> _Dataset records_
**********

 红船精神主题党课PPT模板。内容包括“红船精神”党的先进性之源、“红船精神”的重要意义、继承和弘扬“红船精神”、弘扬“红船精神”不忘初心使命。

**********

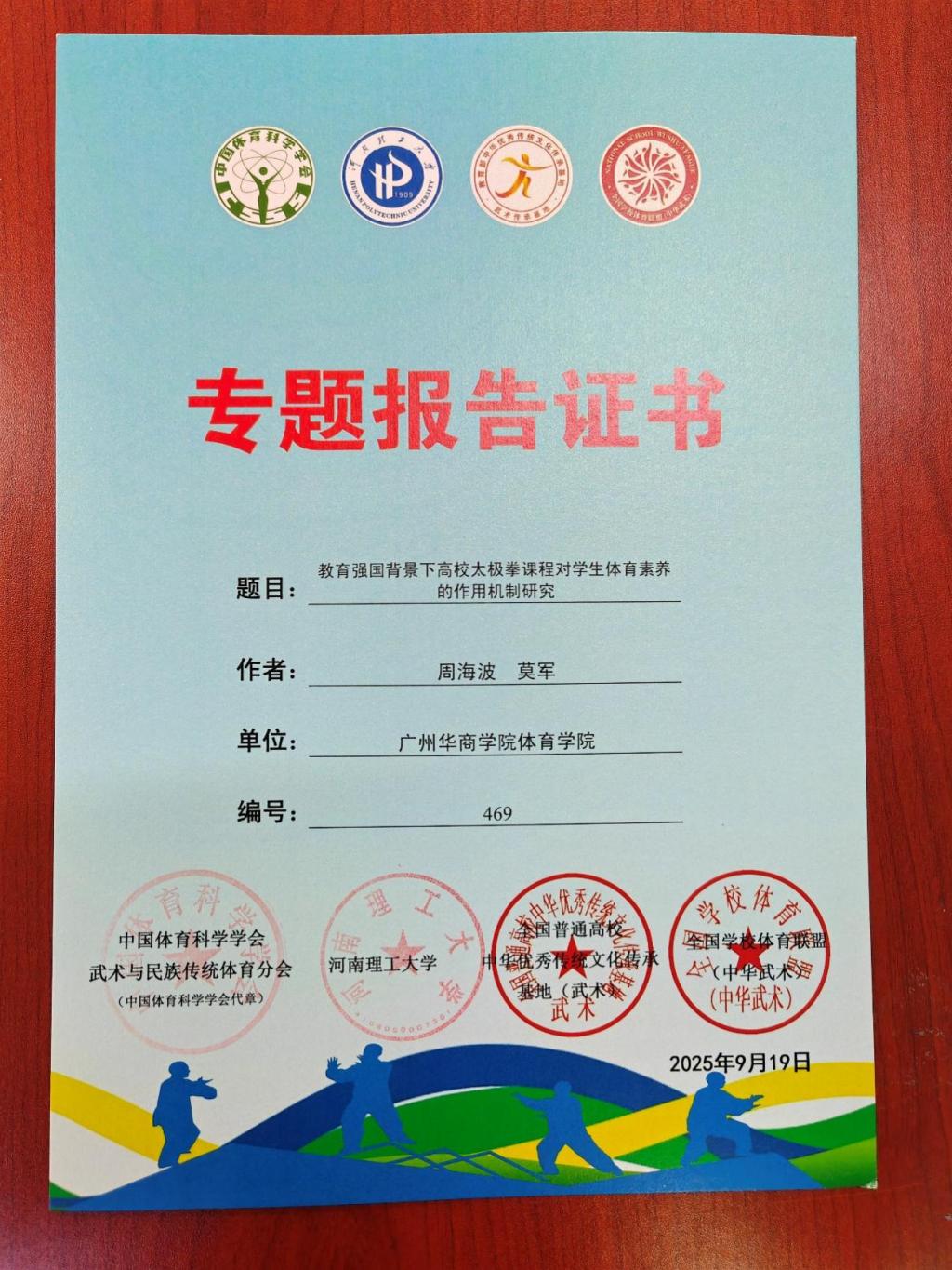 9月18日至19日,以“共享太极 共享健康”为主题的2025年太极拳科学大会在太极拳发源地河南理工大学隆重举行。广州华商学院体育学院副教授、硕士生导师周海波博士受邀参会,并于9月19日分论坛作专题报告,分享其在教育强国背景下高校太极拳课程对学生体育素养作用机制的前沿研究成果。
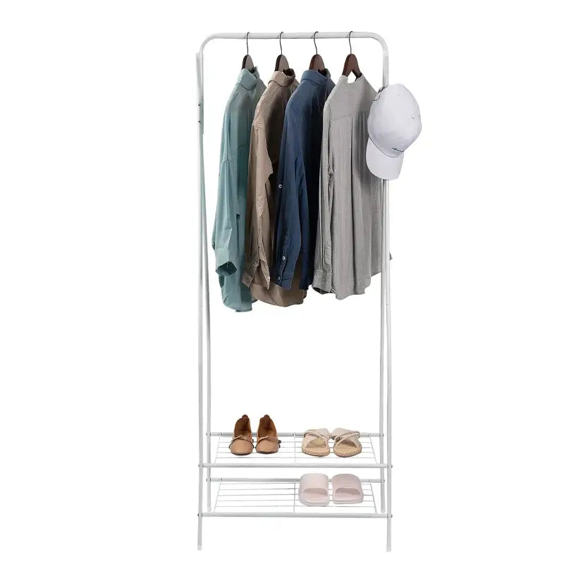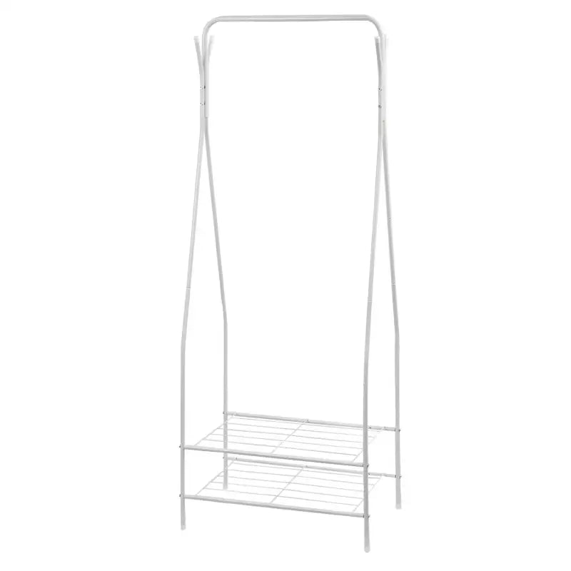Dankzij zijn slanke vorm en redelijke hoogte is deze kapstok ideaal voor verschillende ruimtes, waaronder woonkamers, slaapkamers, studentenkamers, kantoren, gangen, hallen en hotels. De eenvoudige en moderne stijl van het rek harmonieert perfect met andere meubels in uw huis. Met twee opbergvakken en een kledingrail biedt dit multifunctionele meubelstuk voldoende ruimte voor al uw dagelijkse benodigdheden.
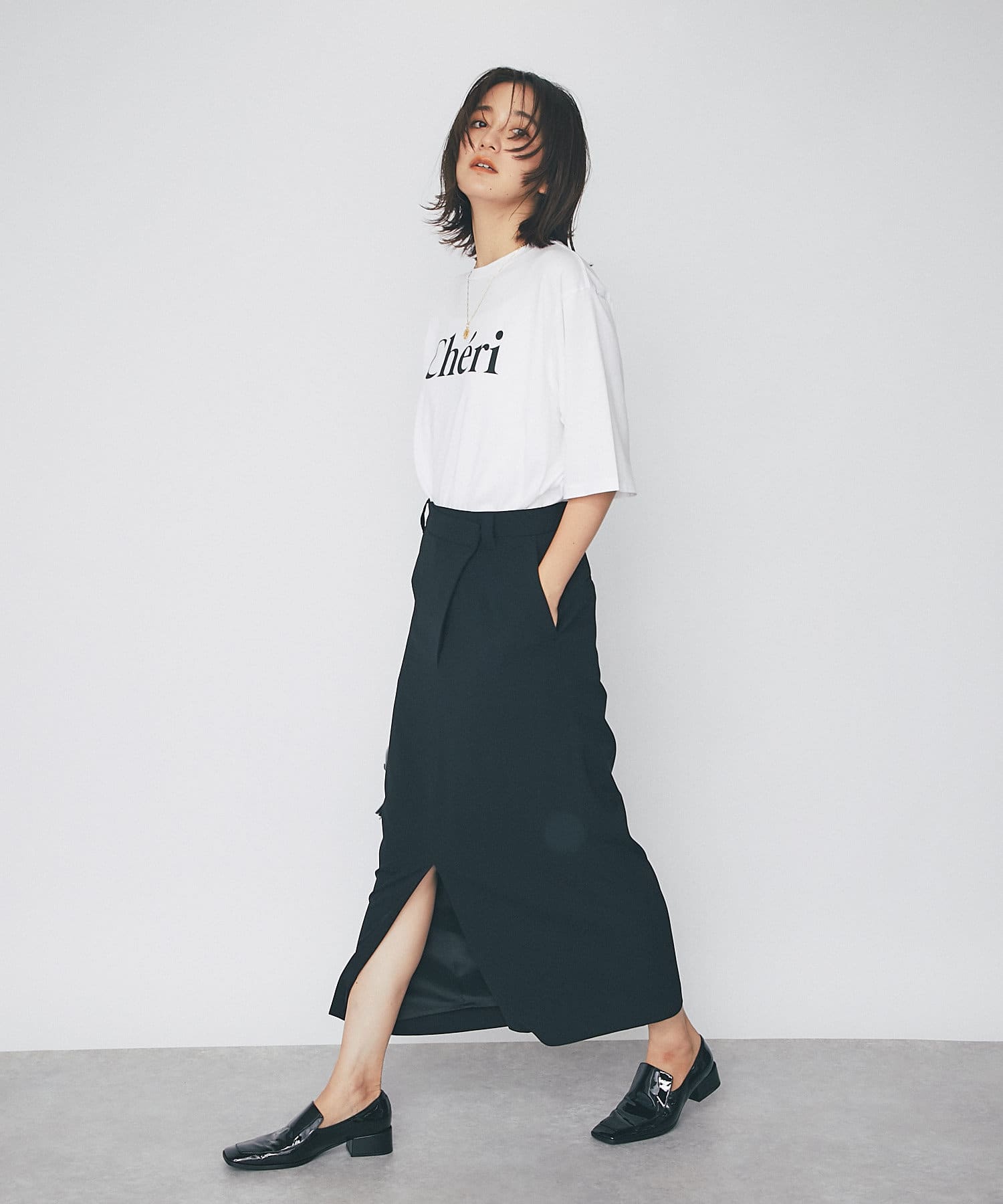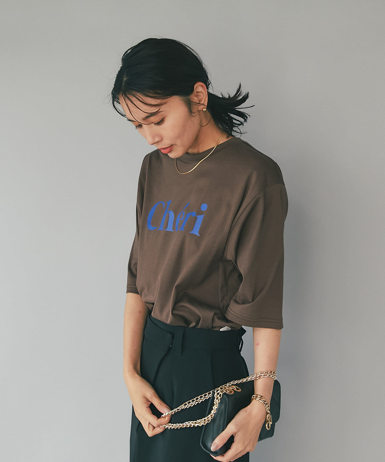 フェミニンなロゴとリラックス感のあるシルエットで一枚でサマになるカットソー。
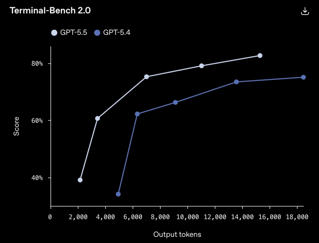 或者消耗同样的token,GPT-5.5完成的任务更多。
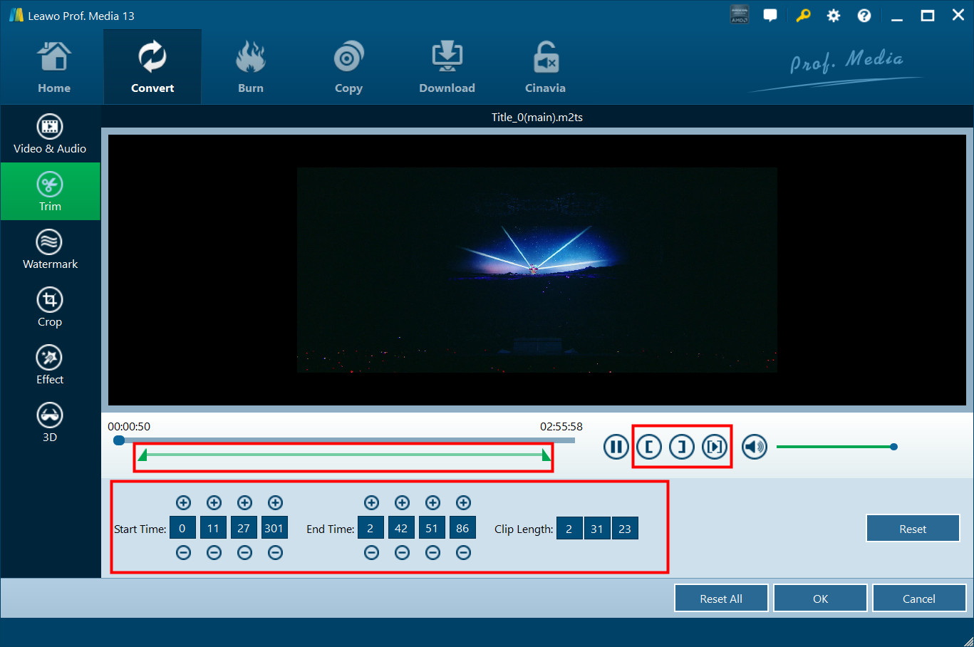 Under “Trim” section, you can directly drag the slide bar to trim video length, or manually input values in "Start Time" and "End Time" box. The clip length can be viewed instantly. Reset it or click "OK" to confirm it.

**********

> _Your assignment_
Give again the lines of the listing above that run from the one with "フェミニンなロゴとリラックス感のあるシルエットで一枚でサマになるカットソー。" up to and including the one with "to confirm it.". Keep them exact and omit the pictures.

> _Task output_
 フェミニンなロゴとリラックス感のあるシルエットで一枚でサマになるカットソー。
 或者消耗同样的token,GPT-5.5完成的任务更多。
 Under “Trim” section, you can directly drag the slide bar to trim video length, or manually input values in "Start Time" and "End Time" box. The clip length can be viewed instantly. Reset it or click "OK" to confirm it.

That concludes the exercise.